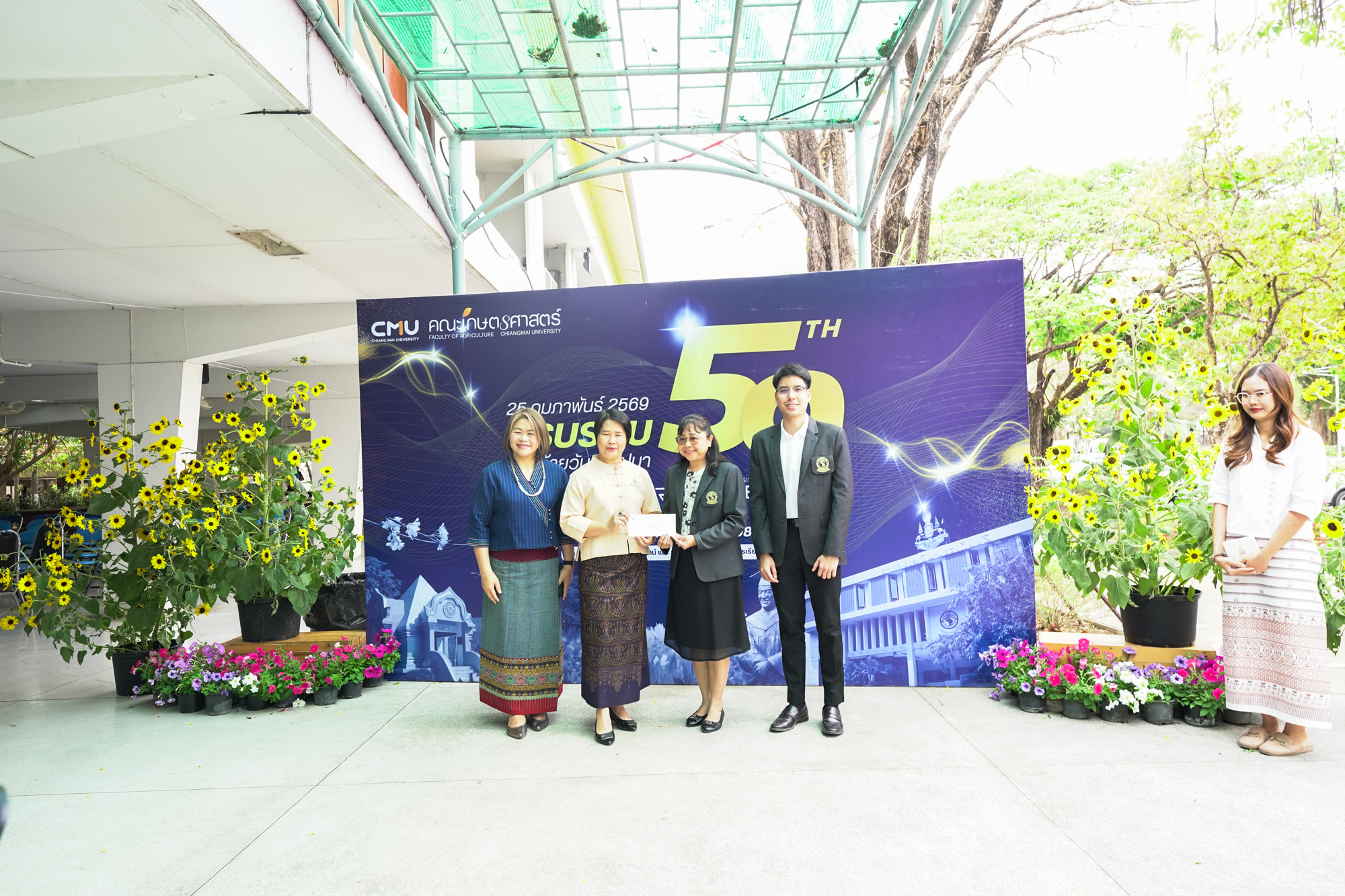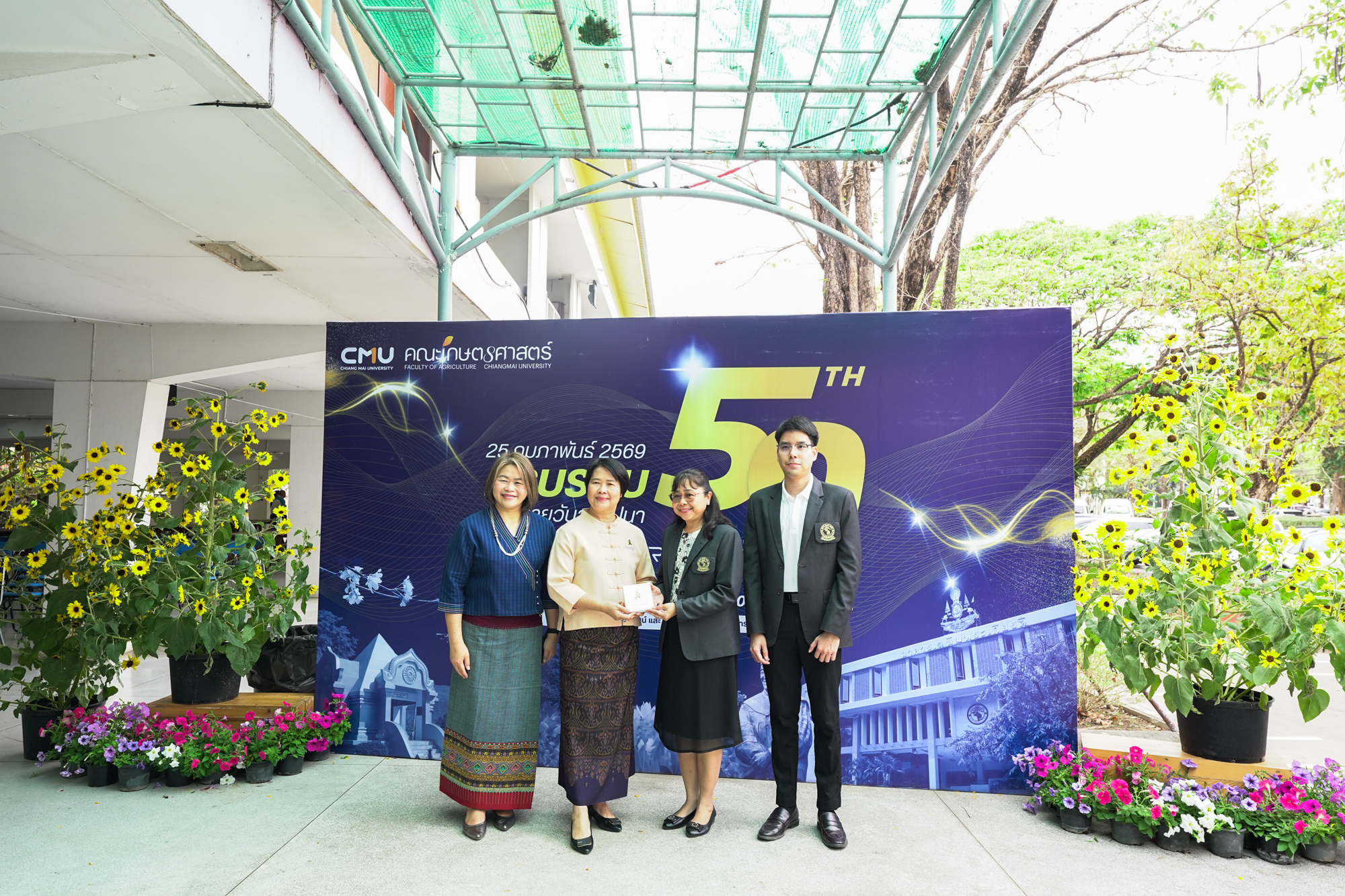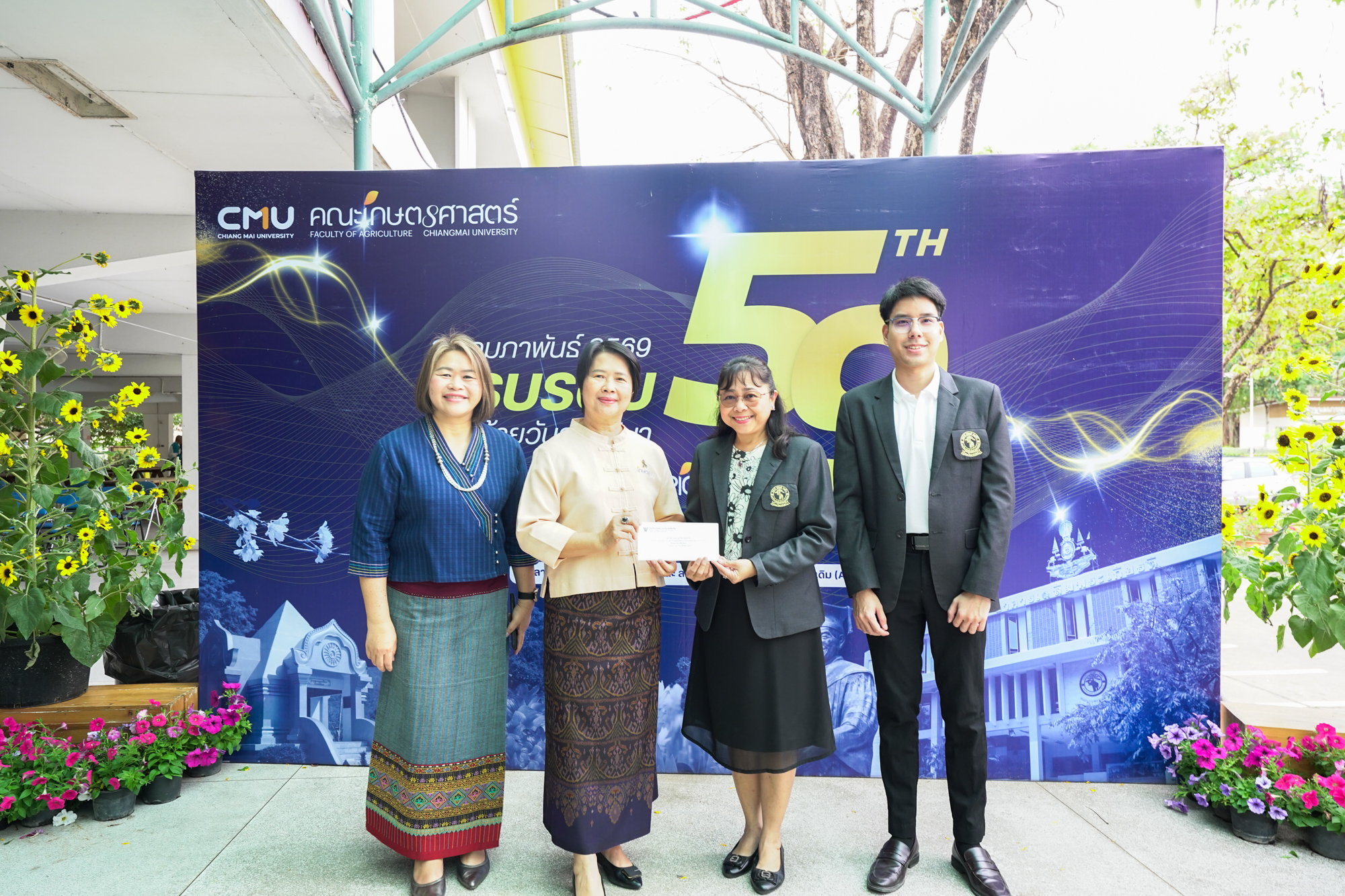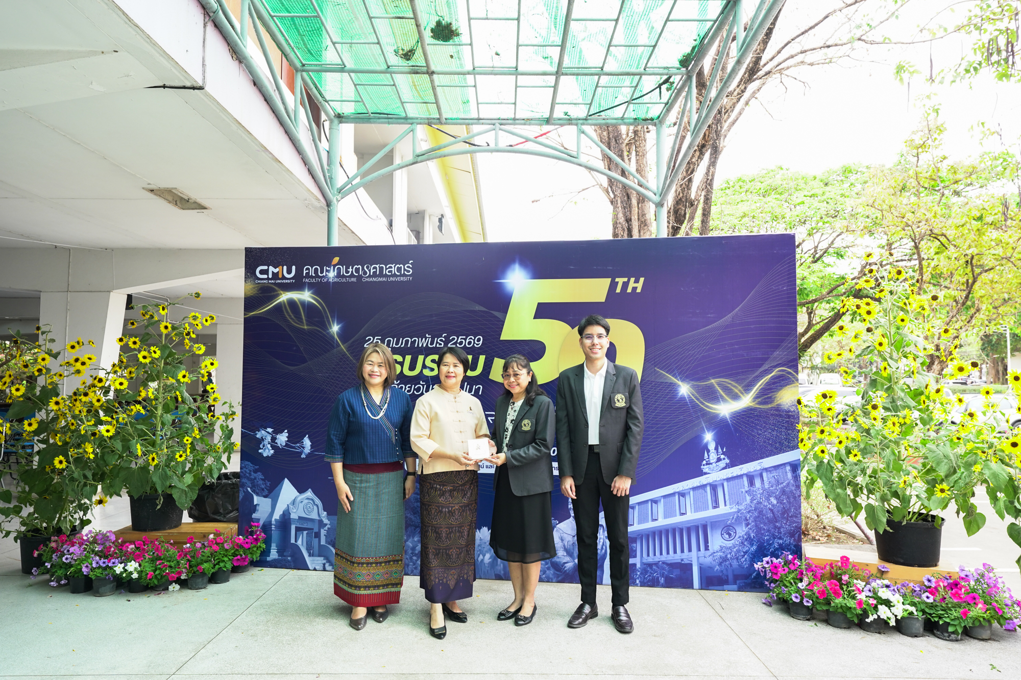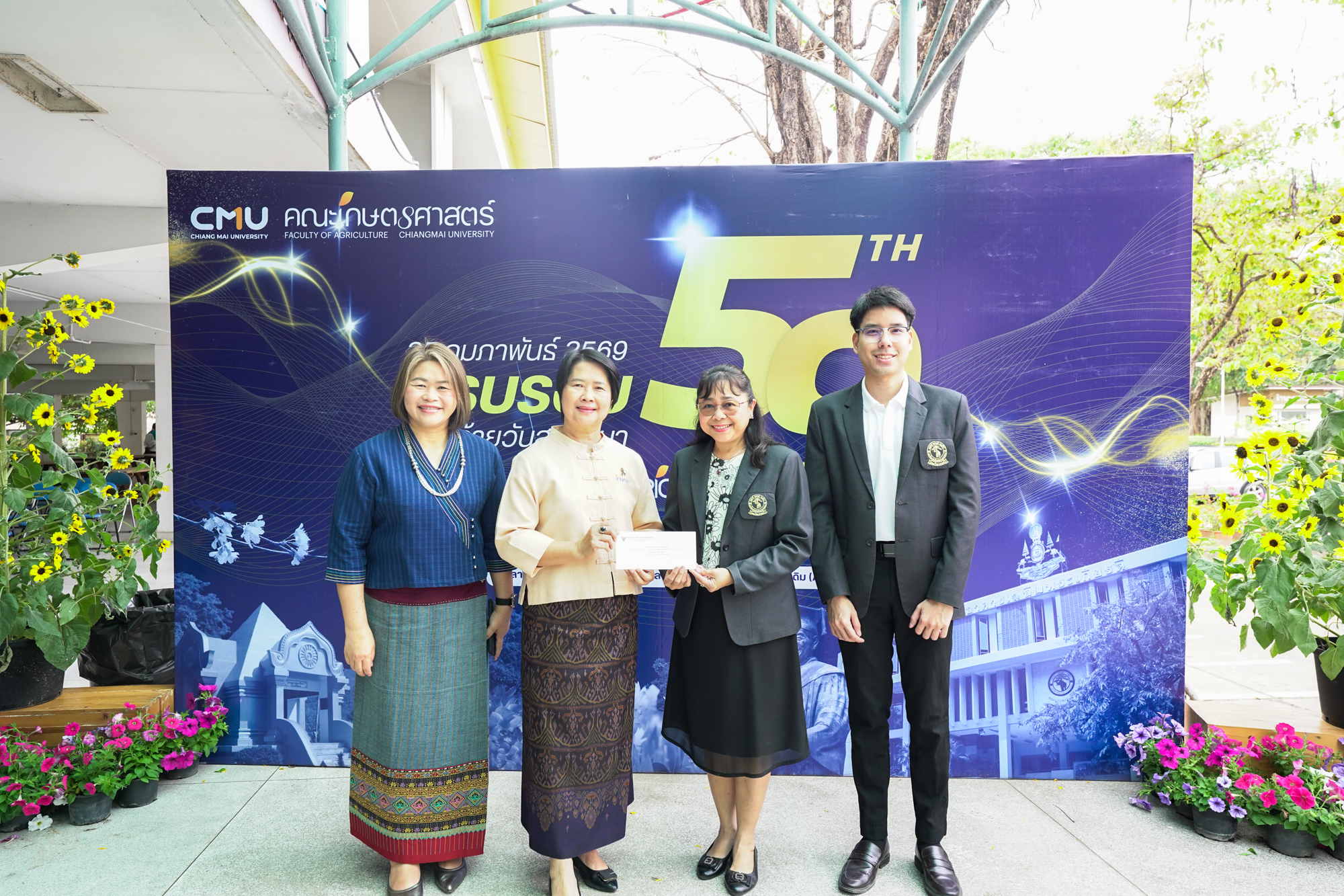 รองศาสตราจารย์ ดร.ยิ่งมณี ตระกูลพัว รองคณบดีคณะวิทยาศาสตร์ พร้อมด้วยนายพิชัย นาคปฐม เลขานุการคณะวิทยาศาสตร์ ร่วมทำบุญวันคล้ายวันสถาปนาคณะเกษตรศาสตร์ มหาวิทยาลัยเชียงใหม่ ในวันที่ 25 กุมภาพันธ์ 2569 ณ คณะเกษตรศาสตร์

________________________

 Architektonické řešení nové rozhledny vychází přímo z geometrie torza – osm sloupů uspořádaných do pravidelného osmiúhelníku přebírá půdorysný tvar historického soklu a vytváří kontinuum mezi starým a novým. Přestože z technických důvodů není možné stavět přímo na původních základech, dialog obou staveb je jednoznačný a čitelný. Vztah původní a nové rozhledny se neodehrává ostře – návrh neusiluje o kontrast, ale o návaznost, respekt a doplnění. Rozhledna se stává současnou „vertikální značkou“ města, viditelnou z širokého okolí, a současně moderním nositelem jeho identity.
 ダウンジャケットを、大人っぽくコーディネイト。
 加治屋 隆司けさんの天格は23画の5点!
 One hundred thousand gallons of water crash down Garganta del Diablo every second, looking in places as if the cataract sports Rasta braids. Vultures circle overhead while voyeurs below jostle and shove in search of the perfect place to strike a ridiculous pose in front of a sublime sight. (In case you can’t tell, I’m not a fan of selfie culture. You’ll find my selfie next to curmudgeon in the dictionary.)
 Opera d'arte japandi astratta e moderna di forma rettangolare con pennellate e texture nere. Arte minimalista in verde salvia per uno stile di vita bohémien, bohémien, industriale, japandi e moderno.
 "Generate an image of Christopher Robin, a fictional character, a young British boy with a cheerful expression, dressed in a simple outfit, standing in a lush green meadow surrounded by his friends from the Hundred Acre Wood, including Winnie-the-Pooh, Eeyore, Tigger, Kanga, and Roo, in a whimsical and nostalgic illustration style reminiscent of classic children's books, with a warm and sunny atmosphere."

________________________

### Work required
Everything from the line containing "Opera d'arte japandi" through the line containing "an image of" in the material above should be retyped exactly, both ends included, and nothing more.

### Your solution
 Opera d'arte japandi astratta e moderna di forma rettangolare con pennellate e texture nere. Arte minimalista in verde salvia per uno stile di vita bohémien, bohémien, industriale, japandi e moderno.
 "Generate an image of Christopher Robin, a fictional character, a young British boy with a cheerful expression, dressed in a simple outfit, standing in a lush green meadow surrounded by his friends from the Hundred Acre Wood, including Winnie-the-Pooh, Eeyore, Tigger, Kanga, and Roo, in a whimsical and nostalgic illustration style reminiscent of classic children's books, with a warm and sunny atmosphere."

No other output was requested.